Eric Ries says a Start Up should embrace Technical Debt. The biggest source of waste in new product development is building something that nobody wants... Most of us think we know a good design when we see it. Unfortunately, no matter how much up-front analysis we do, until the design is tested by actual practice, we can't really know... Leverage product development with open source and third parties (which have their own debt)... Given the choice between incurring technical debt in a particular end-user-visible feature and incurring the same level of debt in a core system, I'd much prefer the former... Teams that practice an agile or lean development process are able to minimize the accumulation of technical debt without sacrificing speed, because they work in smaller batches. They also take better advantage of debt, because they find out sooner if a particular investment has paid off... Taking on technical debt does allow investing energy elsewhere, but other new features are not the only option. We can trade technical debt for process improvement, too. If that improvement pays off (by reducing the batch size of our work, for example), it becomes easier to address all technical debt in the future - including the debt just incurred. And because any particular debt might never come due, this is a better trade. To take one concrete example, it's often worthwhile to write test coverage (Unit Test) for legacy code even without taking the time to refactor... We can choose a disciplined approach to making proportional investments in prevention and paying down debt, such as Five Whys... When I talk and write about the advanced product development process at IMVU today, like the cluster immune system or the disciplined approach we take to split-testing and interaction design, it may sound as if we had that capability from the start. Nothing could be further from the truth... n the end, what mattered wasn't that we did everything right, but that our fundamental approach was flexible and resilient. At no point did we stop everything and do a ground-up rewrite. Instead, we incrementally improved our process, architecture, and infrastructure, always learning and adjusting.
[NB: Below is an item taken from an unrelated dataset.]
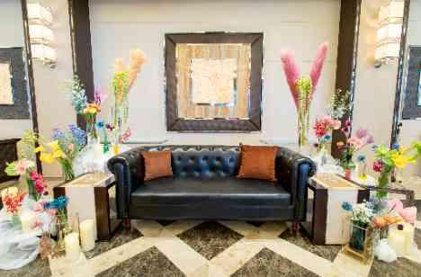お花が好きなお二人がこだわった会場のテーマは「カラフルポップなヨーロッパシティ風」 メインソファのサイドにも色の付いた花瓶やキャンドル、フレームも取り入れより華やかな雰囲気に。パンパスグラスやアンスリウム、カラーなど存在感のあるカラフルなお花がお写真映え間違いなしです♡ ゲストテーブルのカラフルな小瓶やブルーのテーブルランナーもこだわりのポイントです!

Aug08 update revisits this in the context of Mitch Kapor's Software Design Manifesto. When it becomes possible to build products "live" with customers, the cycle time changes and design becomes a much more dynamic process. We still struggle to create Firm software that is defect-free, and it still requires customer insight (and maybe some customer development) to discover what will Delight. But it's Commodity that has become the most unstable. Every time we execute a product pivot - changing some elements of our vision but not others - we change the very purpose of the product being designed. My belief is that it's this increase in the rate of change that is what is causing our technical design intuitions to go haywire.

Related: some discussion over whether buying/selling Option Contract-s is a better Metaphor.